Saved entries:
* * *
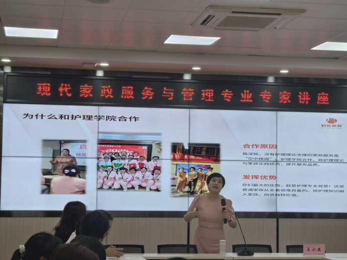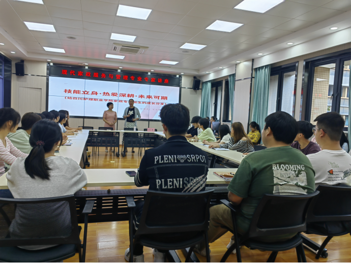 9月26日下午,护理系“匠心筑梦、‘职’引未来”系列讲座《技能立身·热爱深耕》拉开序幕,特邀请四川博泰诺邦健康管理有限公司总经理王小燕为现代家政服务与管理专业的学生带来精彩讲座。
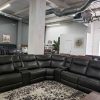 7-Piece Grey Top Grain Power Leather Sectional w/3 Recliners
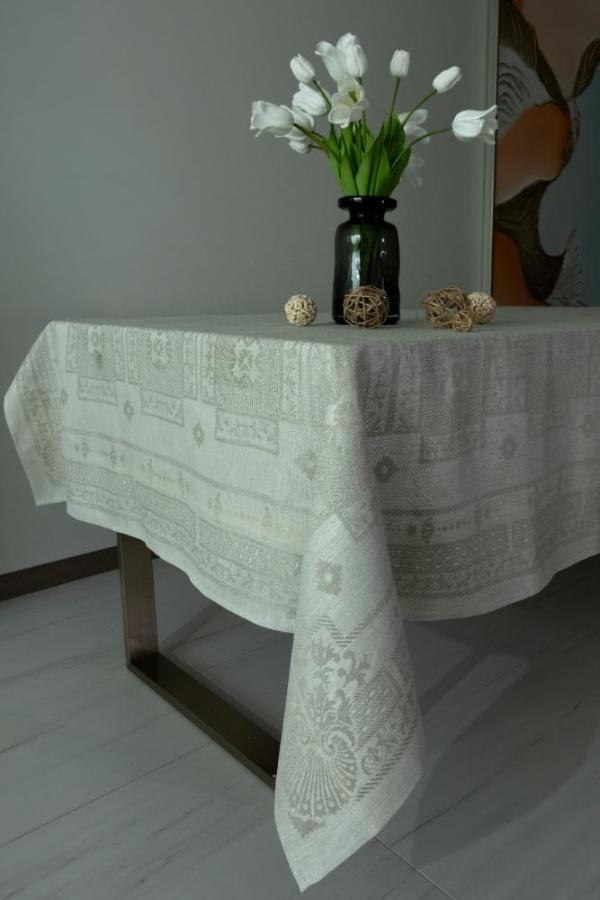 Table cloth with intricate design, Margo 250, Linen materials
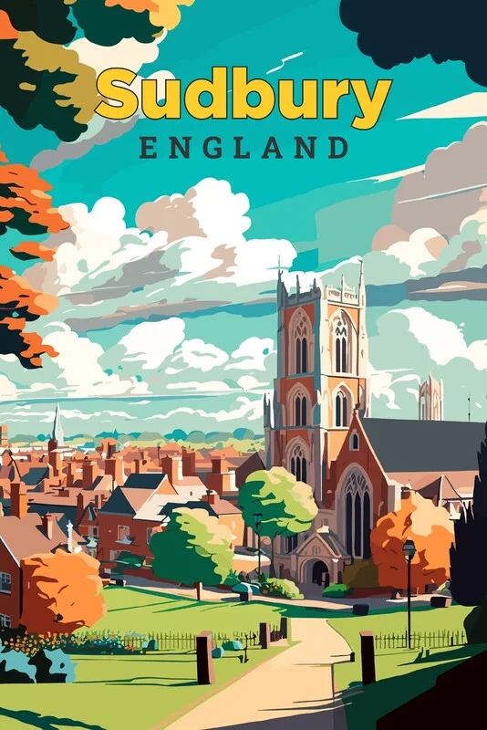 Autocolant Sudbury England Vintage Art Travel Illustration Poster
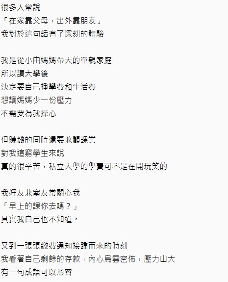 ▼原po在文中表示,來自單親家庭的他為了減少母親的壓力,於是決定要靠自己來賺取大學學費和生活費。不過在必須兼顧課業和賺錢的同時,也讓他的壓力非常大,當看到一張張繳費通知接踵而來的時候,由於剩餘的存款真的已經不夠支付,於是他決定向室友求助。
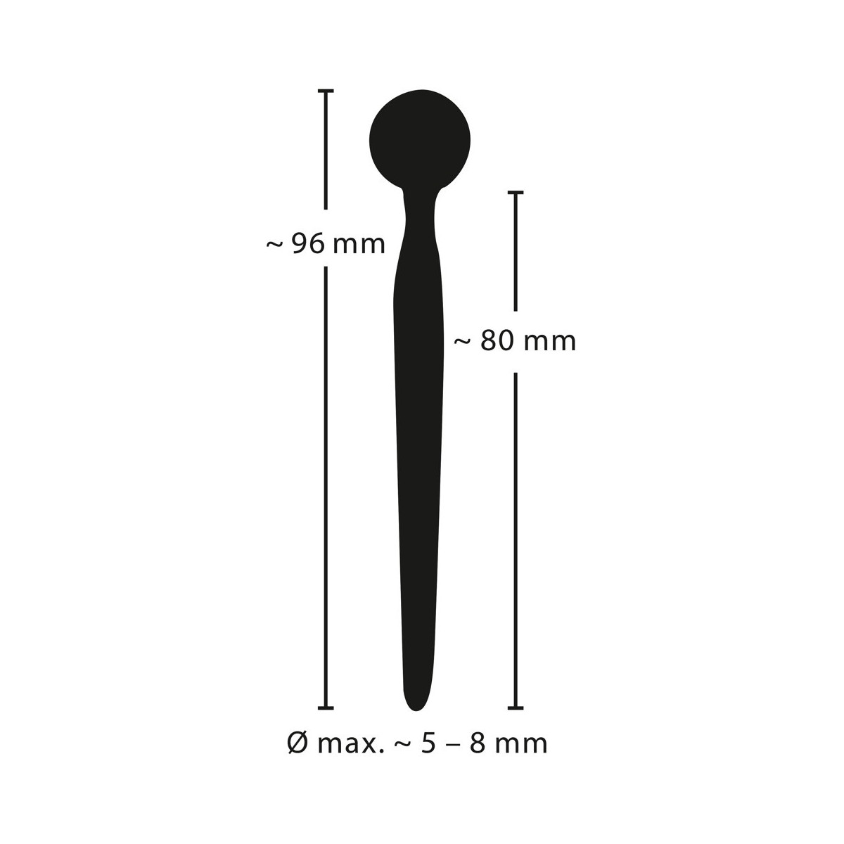Lunghezza totale 9,6 cm. Lunghezza d'inserimento 8 cm; Ø 0,5 cm-0,8 cm, tappo Ø 1,6 cm. Silicone, PU, ABS.
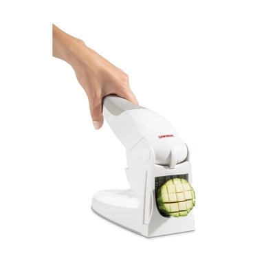 Rezalnik zelenjave in krompirja znamke Leifheit je idealen kuhinjski pomočnik. Zaradi nedrsečega ročaja in spodnje plasti zagotavlja varno in enostavno rezanje. Vključuje dva ostra vložka za rezanje palčk velikosti 10 mm in 12 mm. Primeren je za krompir, bučke, kumare ali korenje. Nože je treba umivati ročno, druge dele lahko pomivate v pomivalnem stroju.
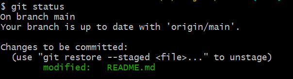 git add README.md5. git status 명령어로 상태를 확인합니다.
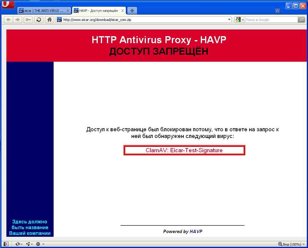 Теперь с клиентского ПК заходим на эту страничку и пробуем скачать тестовый вирус (не опасен, представляет собой специальную сигнатуру для проверки антивирусного ПО). Если все настроено правильно мы должны увидеть следующую страничку:
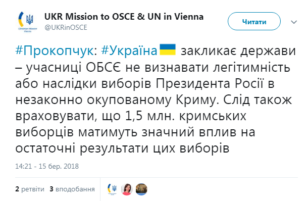 Украинская миссия в ОБСЕ призывает страны, которые являются участницами Организации по безопасности и сотрудничеству в Европе не признавать легитимность выборов президента РФ в оккупированном Крыму.
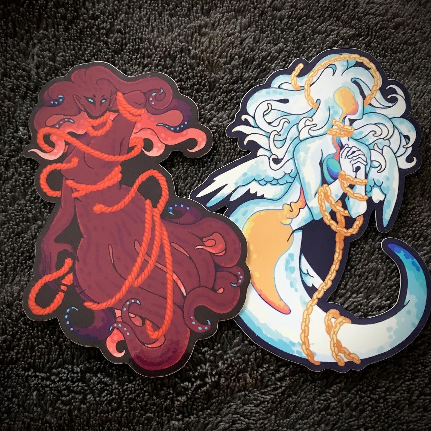 Pick one or both of these Mermay 2022 stickers! Each sticker is about 4 inches (10 cm) on the longest side. They feature foil accents and are printed on glossy vinyl. Sea Angel Mermaid An angelic mermaid bound with gold foil chains. Vampire Squid Mermaid A monstrous mermaid freeing herself from red foil ropes. Set of Two Stickers These mermaids were made to swim together. Get the pair and save some cash! These stickers were made in collaboration with Stickerapp.
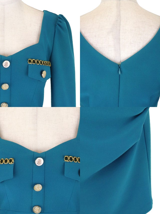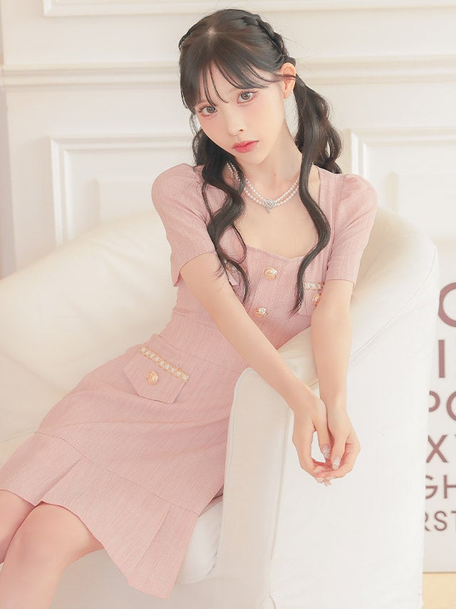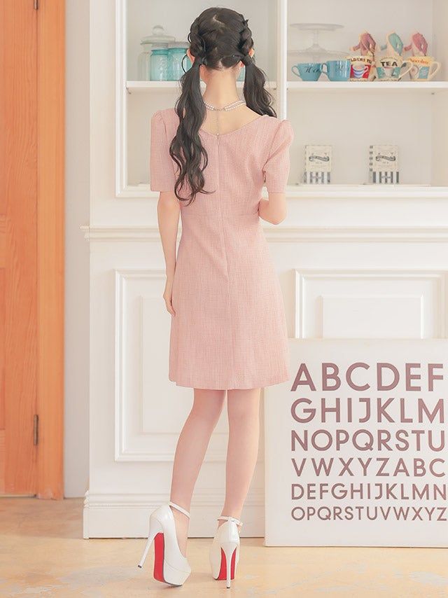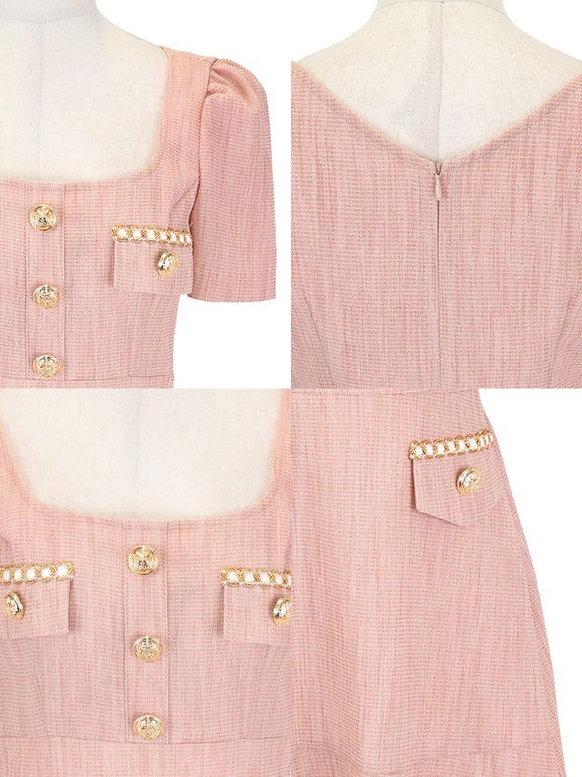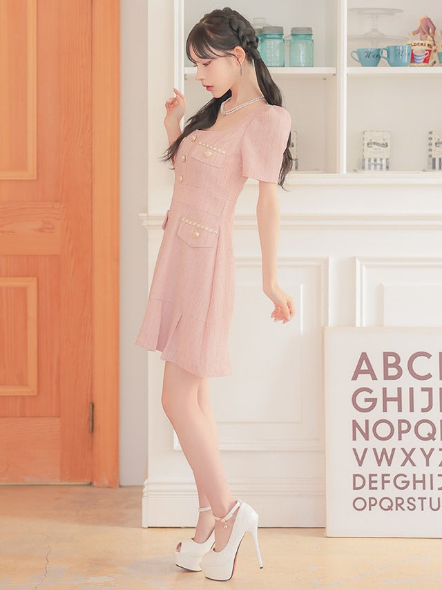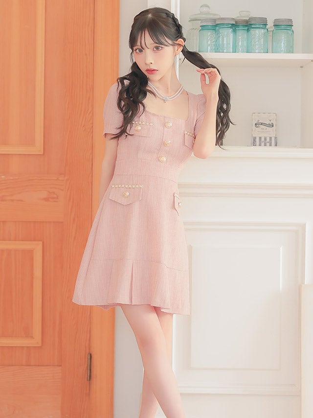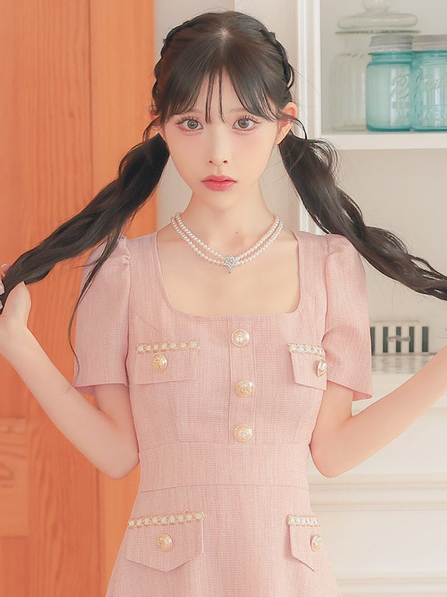 [韓国ドレス]スクエアネック半袖ゴールドボタンポケットフレアミニドレス
* * *
→ What needs to be done: Return exactly the lines of the data, beginning with the first and ending with the line containing "Autocolant Sudbury England". Skip the pictures.

→ Answer to the exercise:
 9月26日下午,护理系“匠心筑梦、‘职’引未来”系列讲座《技能立身·热爱深耕》拉开序幕,特邀请四川博泰诺邦健康管理有限公司总经理王小燕为现代家政服务与管理专业的学生带来精彩讲座。
 7-Piece Grey Top Grain Power Leather Sectional w/3 Recliners
 Table cloth with intricate design, Margo 250, Linen materials
 Autocolant Sudbury England Vintage Art Travel Illustration Poster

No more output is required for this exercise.